TL;DR: I didn't factor out `last` due to aesthetics (I'd rather not touch
the code in this patch, in fact), but it seems warranted in order to reduce
the impedance mismatch between this big-ish comment and the call it
describes. I'll post v2 without that adjustment in case I managed to
convince you. Otherwise feel free to adjust it on commit.

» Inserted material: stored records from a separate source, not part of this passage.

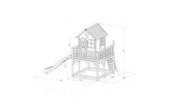 Via de trap kunnen ze omhoog klimmen om het huisje in te gaan en vervolgens van de lange glijbaan naar beneden roetsjen. En dan zijn ze nog niet uitgespeeld, want onder het speelhuis is ook nog een zandbak waar ze met z’n allen zandtaartjes kunt bakken. In dit speelhuis kunnen ze elkaar de mooiste geheimen vertellen. Zodra ze de ramen en deur dicht doen, kan niemand ze meer afluisteren! Liam is een veelzijdig houten speelhuis met een halfronde deur en ramen. De deur heeft een brievenbus waar kinderen post doorheen kunnen gooien als ze postbodetje spelen. Het speelhuisje is uitgevoerd in moderne bruin/witte kleuren welke perfect in iedere hedendaagse tuin passen. Liam speelhuis heeft een platformhoogte van 118 cm en is uitgevoerd met een grote glijbaan van 228 cm lang. Als de kinderen zijn uitgespeeld kan de zandbak eenvoudig worden afgedekt met de meegeleverde afdekhoes.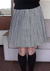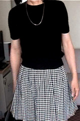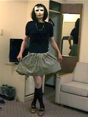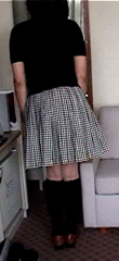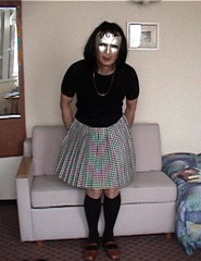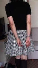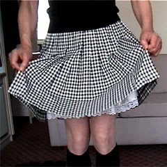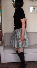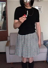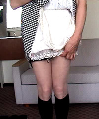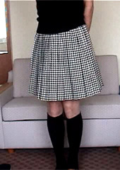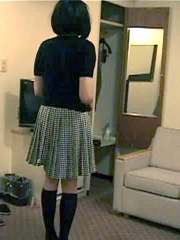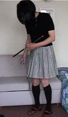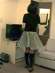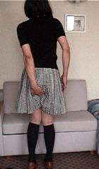| 6月だからまだ明るい夕方のひと時、久しぶりにこのプリーツミニスカートに着替えた純子はとても興奮していました。 照明条件も夜と違って格段にいいので、スカートのギンガムチェックが克明に写ります。白いペチコートのレースも... 自分でも、スカートの中の赤と黒の靴下留めがとてもエロチックに思えて、鏡を見るたびに辱めたいのか辱められたいのか 頭の中が混乱していました。それに、新しく入手したバイブレーター...青いリングが性器亀頭のくびれに嵌められています。 手にしているのはそのコントローラー...これはとどめを刺すためではなく焦らしていたぶるためのもの。ジジジ・・・って苛めるの... |
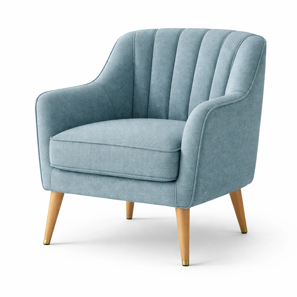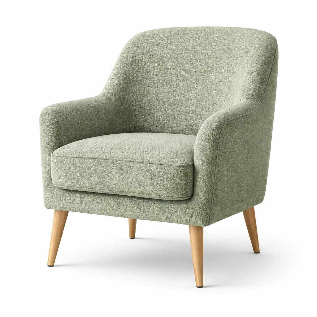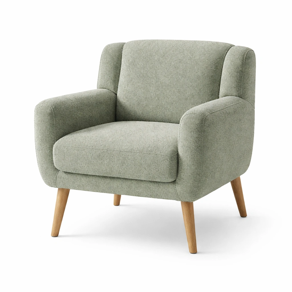 Sillón de tela verde con patas de madera 75x80x85 cm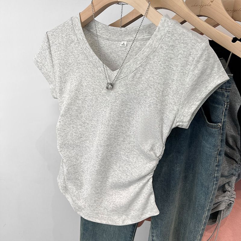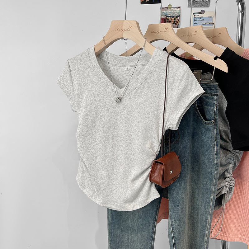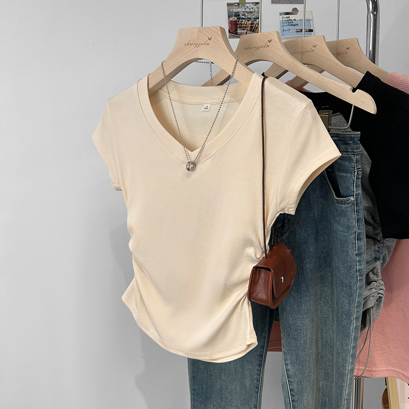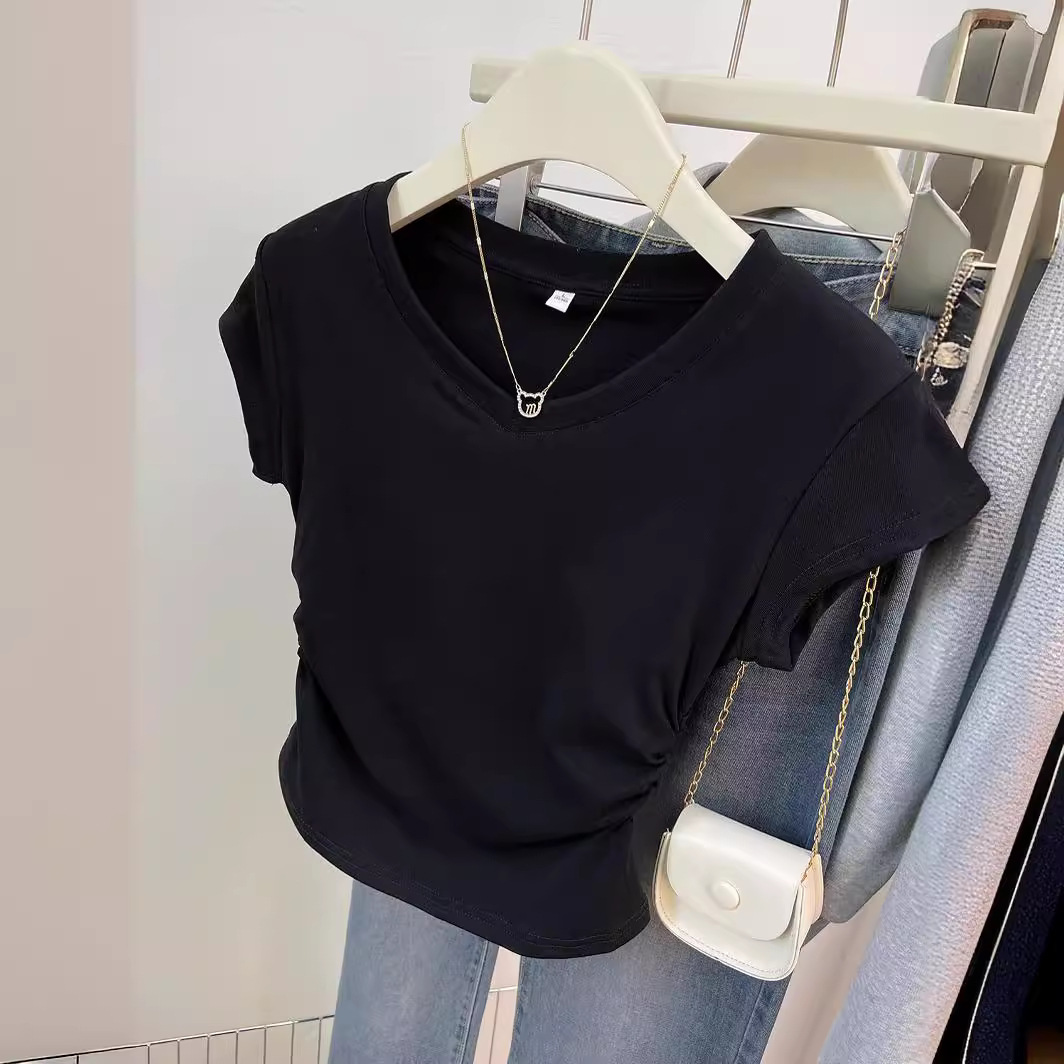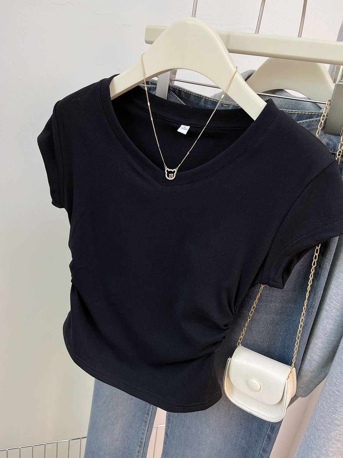 V领正肩短袖T恤女春夏纯棉设计感褶皱修身显瘦不规则短款上衣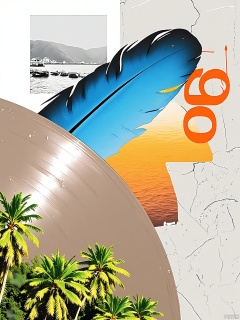 PTYS, Photograph of a mixed media collage, presenting a close - up of an old vinyl record with scratches, partially overlaid by a large blue feather. The background comprises a grayscale picture of a beach at sunset, an orange section with a red "o" and the text "forever" in white, and a cracked, stucco - textured wall. The collage also has a section of a tropical rainforest with lush green foliage. The overall composition is varied and layered, combining a range of textures and shades.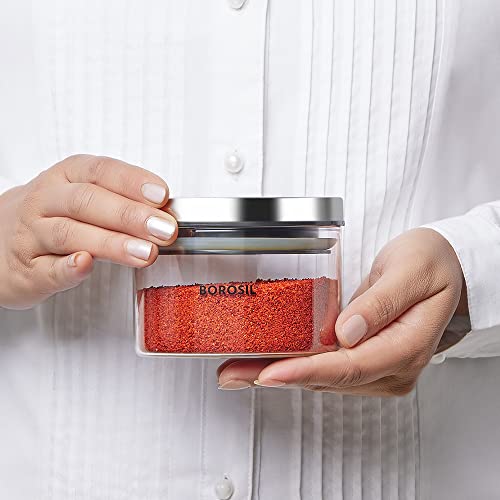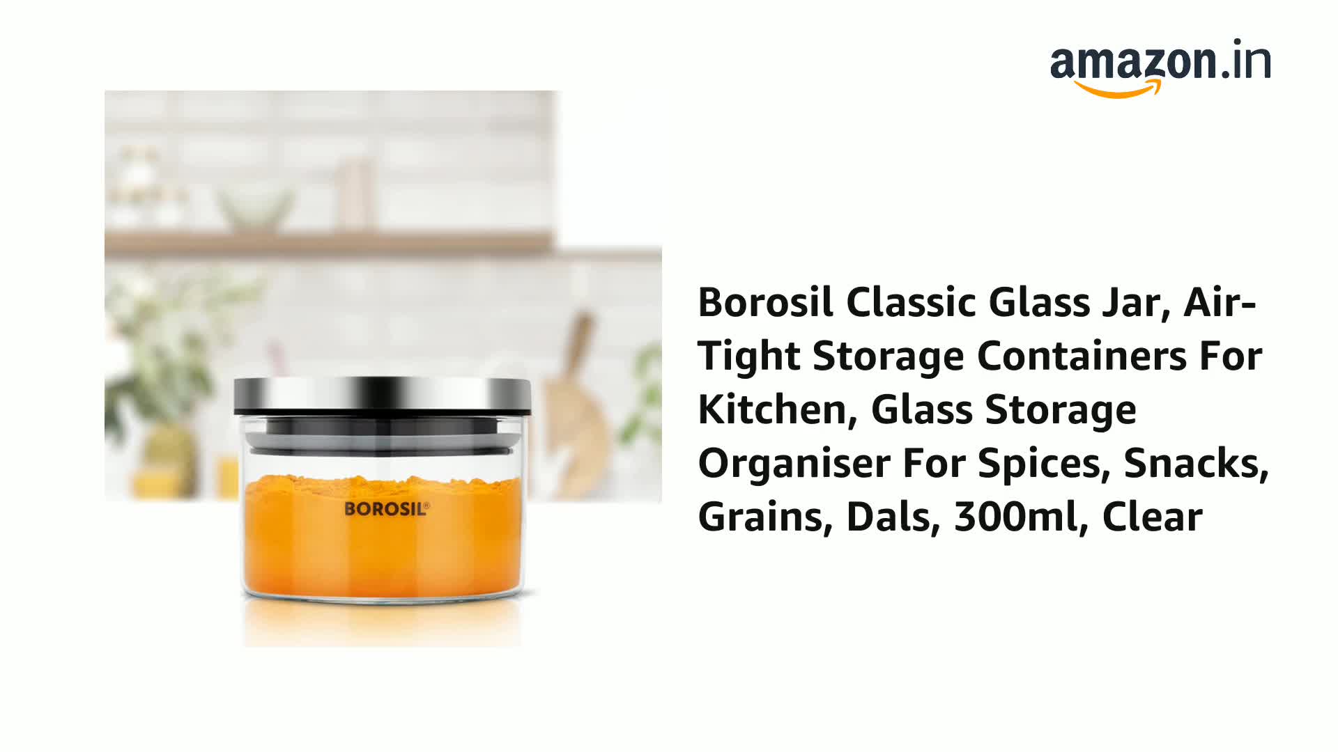 100% BOROSILICATE - Clear as day- that's how the contents of this Borosil glass jar for the kitchen will appear to you. Handy isn't it! The borosilicate glass is tougher than ordinary glass. This kitchen organiser item is exactly what your kitchen shelf n

> What I dislike in your way of putting it is the use of fill_mask(last) when
> such a call never occurs in code. Starting from the first sentence,
> can't you explain things just in terms of said MSB
I see. I can refer to the MSBs instead. Works equally well.

e.g:
  fill_mask(base^last) == fill_mask(last)
                 |
                 V
  msb(fill_mask(base^last)) == msb(last)

> (where the two cases are "set" and "clear")?
I'm not sure I understand what you mean here.

> 
> > --- a/xen/include/xen/mm.h
> > +++ b/xen/include/xen/mm.h
> > @@ -31,6 +31,22 @@
> >   *   (i.e. all devices assigned to) a guest share a single DMA address space
> >   *   and, by default, Xen will ensure dfn == pfn.
> >   *
> > + * pdx: Page InDeX
> > + *   Indices into the frame table holding the per-page's book-keeping
> > + *   metadata. A compression scheme is used and there's a non-identity
> > + *   mapping between valid(mfn) <-> valid(pdx) See the comments in pdx.c
> > + *   for an in-depth explanation of that mapping.
> 
> The mapping may very well be (and on x86 typically is) an identity
> one. IOW you want to describe not only the compression case, but also
> the "no compression possible" one.
Point taken. I'll rephrase it slightly as "possibly non-identity" and
explicitly state the "no compression is possible" case.

> 
> PDXes also aren't just indexes to the frame table, but also to the
> direct mapping.
I had something to that effect earlier on, but I removed it because it
doesn't seem to be the case on ARM. There's a directmap_base_pdx global
that states the first pdx to be mapped on the directmap.

> 
> > + * maddr: Machine Address
> > + *   The physical address that corresponds to an mfn
> > + *
> > + * vaddr: Xen Virtual Address
> > + *   A virtual address of memory accesible to Xen. It is typically either
> > + *   an address into the direct map or to Xen's own code/data. The direct
> > + *   map implements several compression tricks to save memory, so an offset
> > + *   into it does _not_ necessarily correspond to an maddr due to pdx
> > + *   compression.
> 
> We need to be careful here: If I'm not mistaken at least Arm uses vaddr
> also for guest addresses. In fact I'm not sure vaddr (and perhaps even
> maddr) need explaining here
I'd like to have at least maddr. It's sufficiently project-specific to be
otherwise confusing to find unexplained elsewhere. i.e: In other bare-metal
projects that would be a paddr instead.

vaddr might be trying too hard to boil the ocean as far as definitions go.
I can get rid of it.

> the more that nothing in this header uses either term.
True. But it should be somewhere and this is the main memory-management
header, where the frame number definitions are. In general, things that
change together ought to stay together.

> > + * ## PDX compression
> > + *
> > + * This is a technique to avoid wasting memory on machines known to have
> > + * split their machine address space in two big discontinuous and highly
> > + * disjoint chunks.
> 
> Why two? There can be any number, and in fact on the system I originally
> had data from for reference (when first writing this code) iirc there
> were 8 nodes, each with a chunk of memory far away from the other chunks.
> The compression scheme used merely requires that some "inner" bits are
> unused (always zero) in all of those ranges.
Well, our implementation only supports two and I didn't see any obvious
hints about intending to increasing that number. I see where you're coming
from, though. I can make it more general so it's not outdated if the
pfn_to_pdx()/pdx_to_pfn() pair ever increases in scope to do several holes.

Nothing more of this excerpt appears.